Described circular output waveguide is an internal diameter is R
v2, external diameter is R
o2circular waveguide.Described circular output waveguide is axially outer to be connected on the axial end port cross section exporting changeover portion back segment, meets following relation: 0<R between above-mentioned parameter
v2<R
o2.
Described externally-applied magnetic field system, is made up of two groups of solenoids, is enclosed in coaxial input structure, the surrounding cylindrical area of space of cavity resonator structure and axially output changeover portion.Described two groups of solenoids, lay respectively at the both sides of the axial centre cross section of anode of magnetron structure, and two groups of solenoids synchronously trigger, and the axial magnetic field size and Orientation produced in magnetron interaction region is consistent.
Adopt the present invention can reach following technique effect:
(1) the microwave Induction Peried that the modified node method designing anode block makes magnetron export is shorter, and the ability of suppression mode competition is stronger, and power conversion efficiency is higher.

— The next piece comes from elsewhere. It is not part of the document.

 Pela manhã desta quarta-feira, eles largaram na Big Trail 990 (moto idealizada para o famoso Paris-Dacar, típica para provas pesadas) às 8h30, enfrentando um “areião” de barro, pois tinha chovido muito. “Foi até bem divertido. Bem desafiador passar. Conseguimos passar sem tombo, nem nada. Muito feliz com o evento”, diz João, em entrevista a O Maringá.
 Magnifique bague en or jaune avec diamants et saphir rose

(2) the axial changeover portion that exports of design not only makes the magnetron be operated in π pattern directly axially export comparatively pure round TE11 modes microwave, and make axially to export changeover portion densification and miniaturization more on radial and axial, reduce the volume and weight of externally-applied magnetic field system, also making the electronics of axially drift in interaction region beat rapidly is axially exporting on changeover portion, decrease drift electron to the absorption probability exporting microwave energy, improve power conversion efficiency.
(3) designing externally-applied magnetic field system makes the distribution of axial magnetic field in interaction region more even, and the interaction of electron beam and microwave is more abundant, and densification and the miniaturization more of whole magnetrons systems.

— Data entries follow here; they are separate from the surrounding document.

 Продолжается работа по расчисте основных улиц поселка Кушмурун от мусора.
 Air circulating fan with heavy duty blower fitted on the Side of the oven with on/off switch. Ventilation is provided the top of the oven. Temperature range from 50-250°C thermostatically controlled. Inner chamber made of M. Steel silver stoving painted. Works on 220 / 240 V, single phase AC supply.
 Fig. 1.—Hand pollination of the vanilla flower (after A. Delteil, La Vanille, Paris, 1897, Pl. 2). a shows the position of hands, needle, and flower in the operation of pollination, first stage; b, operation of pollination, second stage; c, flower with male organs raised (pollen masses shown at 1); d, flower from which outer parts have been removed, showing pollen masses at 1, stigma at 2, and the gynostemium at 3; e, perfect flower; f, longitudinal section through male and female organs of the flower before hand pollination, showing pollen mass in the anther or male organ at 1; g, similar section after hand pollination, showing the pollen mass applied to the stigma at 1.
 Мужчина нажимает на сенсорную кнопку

Accompanying drawing explanation
Fig. 1 is the overall longitudinal section that compact of the present invention axially exports the relativistic magnetron of TE11 pattern;
Fig. 2 is the cross-sectional view of coaxial input structure;
Fig. 3 is the composition diagram of magnetron cavity structure: the stereogram of (a) magnetron cavity structure, the cross-sectional view of (b) magnetron cavity structure, the longitudinal section of (c) magnetron cavity structure;
Fig. 4 is the longitudinal section axially exporting changeover portion leading portion and leading portion;
Fig. 5 is the composition diagram axially exporting changeover portion leading portion: (a) axially exports the stereogram of changeover portion leading portion, b () axially exports the stereogram of the vacuum section of changeover portion leading portion, (c) axially exports the longitudinal section of changeover portion leading portion and the cross-sectional view of two-port thereof;
Fig. 6 is the composition diagram axially exporting changeover portion back segment: (a) axially exports the stereogram of changeover portion back segment, b () axially exports the stereogram of the vacuum section of changeover portion back segment, (c) axially exports the longitudinal section of changeover portion back segment and the cross-sectional view of two-port thereof;
Fig. 7 is the cross-sectional view of circular output waveguide;
Fig. 8 is the composition diagram of externally-applied magnetic field system: the stereogram of (a) externally-applied magnetic field system, the longitudinal section of (b) externally-applied magnetic field system.
Embodiment
Below in conjunction with accompanying drawing, the specific embodiment of the present invention is further illustrated.
Compact axially exports the relativistic magnetron of TE11 pattern as shown in Figure 1, is made up of coaxial input structure 1, cavity resonator structure 2, axially output changeover portion 3, circular output waveguide 4 and externally-applied magnetic field system 5.For convenience, in definition Fig. 1, Z-direction is axially, and R direction of principal axis is radial.Coaxial input structure 1 is external cavity resonator structure 2 axially, cavity resonator structure 2 is axially external axially exports changeover portion 3, axially export changeover portion 3 axially external circular output waveguide 4, externally-applied magnetic field system 5 is arranged on coaxial input structure 1, cavity resonator structure 2 and axially exports the surrounding cylindrical area of space of changeover portion 3, and their longitudinal center line all overlaps.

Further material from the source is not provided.